Работа мне нравилась, хотя иной раз приходилось попотеть, но еще больше нравилось жить в Норт-Бич. Местечко было оживленное. В 50-е, я про них веду речь, движение битников как раз набирало силу. Многие подтвердят, что 54-й и 55-й, еще до всей этой шумихи, были самым лучшим временем, по крайней мере, на взгляд наивного паренька, который весь на нервах метался между Майами и Сент-Луисом. Как раз битников я и искал. В них чувствовалась та же жажда переживаний. Ну да, выпендреж тоже был, но все же во сто крат лучше, чем какая-нибудь постная воскресная школа, на которую в массе своей и походили 50-е: одна большая Воскресная Школа для души, гордящейся своими скучными добродетелями и злобствующей из-за подавленных страстей. Но в том-то все и дело, что невозможно жить, боясь жизни. Иначе сядешь на мель.

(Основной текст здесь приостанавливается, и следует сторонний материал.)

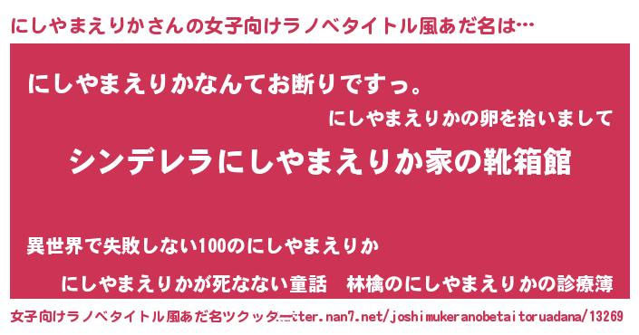 | ヘコむあだ名 | 『にしっぺ』『にしやまえりか(笑)』 |

Битникам хотя бы была присуща смелость во вкусах и восприятии. Они действительно жаждали эмоций, им нужны были любовь, истина, красота, свобода – мой друг, поэт Джон Сизонс, назвал их «четырьмя великими иллюзиями» – ну а моей страстью в то время было высекать искры в громадном двигателе внутреннего сгорания, мощь которого передавалась по трансмиссии колесам – четырем малым иллюзиям. Благодаря горючей природе жидких останков динозавров я днями и ночами с ревом носился на такой скорости, которую никто, останься у него хоть капля разума, не признал бы нормальной. Если мне случалось в каком-нибудь из баров Норт-Бич рассказывать о своих ощущениях, то можно было не сомневаться: девица слева только что написала стихотворение как раз об этом, точно схватив мимолетные ощущения, а парень справа как раз закончил картину, которая, по его словам, была именно что про такие вот возвышенные чувства; мы болтали до потери пульса, смеялись, а в два ночи, когда бар закрывался, я выходил на Бродвей, поеживаясь от прохладного тумана, но в отличном настроении. Таким вот он был, Норт-Бич – средоточием истосковавшихся по собственным душам. И, несмотря на все позерство и легкомыслие, это было великолепно.

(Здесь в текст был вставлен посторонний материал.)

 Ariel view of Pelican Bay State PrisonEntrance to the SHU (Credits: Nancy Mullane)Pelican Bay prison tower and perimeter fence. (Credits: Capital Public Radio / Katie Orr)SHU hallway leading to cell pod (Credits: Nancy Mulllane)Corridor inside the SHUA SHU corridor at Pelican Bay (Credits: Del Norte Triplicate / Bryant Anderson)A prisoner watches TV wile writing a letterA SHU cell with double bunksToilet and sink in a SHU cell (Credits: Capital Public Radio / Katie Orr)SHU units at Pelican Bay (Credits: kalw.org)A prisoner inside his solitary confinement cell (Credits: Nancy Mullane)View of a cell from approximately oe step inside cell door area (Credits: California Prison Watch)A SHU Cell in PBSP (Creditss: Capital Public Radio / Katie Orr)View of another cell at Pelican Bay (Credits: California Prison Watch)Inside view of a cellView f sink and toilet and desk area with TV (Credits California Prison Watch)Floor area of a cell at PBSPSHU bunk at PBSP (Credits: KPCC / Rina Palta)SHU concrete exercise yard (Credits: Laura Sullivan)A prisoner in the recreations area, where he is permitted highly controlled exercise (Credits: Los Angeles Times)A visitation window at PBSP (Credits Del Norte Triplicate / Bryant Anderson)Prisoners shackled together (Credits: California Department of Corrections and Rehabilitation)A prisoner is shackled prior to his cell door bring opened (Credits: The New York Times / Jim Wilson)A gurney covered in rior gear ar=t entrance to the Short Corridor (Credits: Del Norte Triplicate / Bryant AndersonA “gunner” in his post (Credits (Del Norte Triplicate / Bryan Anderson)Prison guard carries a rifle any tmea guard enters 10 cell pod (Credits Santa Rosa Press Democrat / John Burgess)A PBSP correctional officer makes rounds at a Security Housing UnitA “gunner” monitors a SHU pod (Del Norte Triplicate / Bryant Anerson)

По правде говоря, одно время и я любил порисоваться, но большей частью из-за элементарной подростковой неуверенности и ощущения своего несоответствия интеллектуальному уровню остальных. Неуверенность я маскировал обычной порцией наглости и бравады, но вот скрыть вопиющее невежество было не в пример труднее. В отличие от большинства я имел полное право заявлять, что знаком с жизнью рабочего класса не понаслышке, так что первое время являл собой довольно-таки скверный образчик противника всего интеллектуального. К чертям собачьим высокие слова, я кручу баранку! По счастью, многие были настолько любезны, что не обращали на мои закидоны внимания и даже принимали в свои компании, снабжали книгами. Сидя вот так вот в барах и слушая, можно было столько всего нахвататься, что достало бы на два гуманитарных образования. Постепенно я изменился: из непримиримого противника стал ярым последователем. Я хотел знать всё и впоследствии не раз пожалел о своих непомерных аппетитах.
Считай, что тебе повезло, если смог чему-то научиться у друзей. В пору юности у меня был закадычный приятель из тех, кто играл на огромном саксе; звали этого джазиста с бронзовой кожей и ржаво-красными волосами Рыжий Верзила Чума. В нем было шесть футов семь дюймов, и каждый дюйм дышал музыкой. Я слышал, как он играл с лучшими музыкантами – так вот, это было избиением младенцев. Верзила мог на такое замахнуться и… не облажаться. Все до единого хотели записать его игру, но в семь лет парню было какое-то там видение, мол, его дар существует только здесь и сейчас, а после записи – повторения во времени, но не в памяти – потеряет свои способности. По крайней мере, так он мне рассказывал, а я ему очень даже верю.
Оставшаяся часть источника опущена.